Винсент думал о Кэй и о ее прелестном малыше Яне. В горле у него стоял комок.
– Я сегодня неважно себя чувствую, так что рисуй вместо меня Германа.
– Что с тобой, Син?
– Не знаю. Внутри все крутит и переворачивает.
– Случалось у тебя так раньше, когда ты была беременна?
– Тоже скверно приходилось, но не так. Сейчас куда хуже.
– Тебе надо сходить к доктору.
– Что толку идти к доктору в бесплатную больницу? Он даст мне лекарство – и только. От лекарства легче не будет.
– Поезжай в государственную больницу в Лейден.
– Ох, пожалуй, придется.
– Поездом это совсем не долго. Мы поедем завтра с утра. Люди приезжают в эту больницу со всей Голландии.
– Да, больница, говорят, хорошая.
Весь день Христина не вставала с кровати. Винсент рисовал мальчика. Перед обедом он взял Германа за руку и отвел его к матери Христины. А на другой день рано утром они с Христиной сели в лейденский поезд.
– Ничего удивительного, что вам было плохо, – сказал доктор, осмотрев Христину и задав множество вопросов. – Ребенок у вас в неправильном положении.
– Можно чем—нибудь помочь, доктор? – спросил Винсент.
– О да, нужна операция.
– Это опасно?
– Пока еще нет. Ребенка надо просто повернуть щипцами. Но это будет стоить денег. Не операция, а содержание в больнице. – Он повернулся к Христине. – Есть у вас какие—нибудь сбережения?
– Ни франка.
Доктор вздохнул, почти не скрывая своего сожаления.
– Обычная история, – сказал он.
– Во сколько это обойдется, доктор? – спросил Винсент.
– Не больше пятидесяти франков.
– А что, если операцию не делать?
– Тогда нет никакой надежды ее спасти.
Винсент на минуту задумался. Двенадцать акварелей для дяди Кора почти готовы: это даст тридцать франков. Остальные двадцать он возьмет из денег, которые пришлет в апреле Тео.
– Я достану деньги, доктор, – сказал он.
– Вот и хорошо. Привезите ее в субботу утром, и я сам сделаю операцию. И еще одно: я не знаю, какие у вас отношения, и не хочу этого знать. Доктора в такие дела не вмешиваются. Но я считаю своим долгом предупредить вас, что, если эта крошка снова пойдет на улицу, она не протянет и шести месяцев.
– Она никогда не вернется к такой жизни, доктор. Даю вам слово.
– Прекрасно. Тогда до субботы.
Через несколько дней к Винсенту пришел Терстех.
– Я вижу, ты все корпишь, – сказал он.
– Да, работаю.
– Я получил те десять гульденов, которые ты послал по почте. Ты бы мог по крайней мере сам прийти ко мне и поблагодарить.
– Идти далеко, минхер, а погода была плохая.
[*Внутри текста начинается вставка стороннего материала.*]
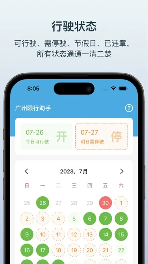 “开四停四”的规则相较于“单双号”来说,实在过于复杂。通过本助手记录行驶状态,可以帮你自动计算停驶日期,避免因遗忘、计算错误而造成的违章。

– Ну, а когда тебе нужны были деньги, идти было недалеко, так, что ли?
Винсент не отвечал.
– Это невежливо, Винсент, и отнюдь не располагает меня в твою пользу. Теперь я не верю в тебя и не смогу покупать твои работы.
Винсент сел на край стола и приготовился дать отпор Терстеху.
– Мне кажется, что, покупаете вы мои работы или нет, – это не имеет никакого отношения к нашим личным спорам, – сказал он. – По—моему, вы должны исходить из достоинств самой работы. Если личные отношения могут влиять на ваше суждение о работе, то с вашей стороны это просто нечестно.
– Нет, конечно, нет. Если бы ты смог создать что—то изящное, такое, что можно было бы продать, я бы с радостью выставил это на Плаатсе.
– Минхер Терстех, работа, в которую вложен упорный труд, темперамент и чувство, никого не привлекает и не находит сбыта. Может быть, мне даже лучше не стараться на первых порах угодить чьим—то вкусам.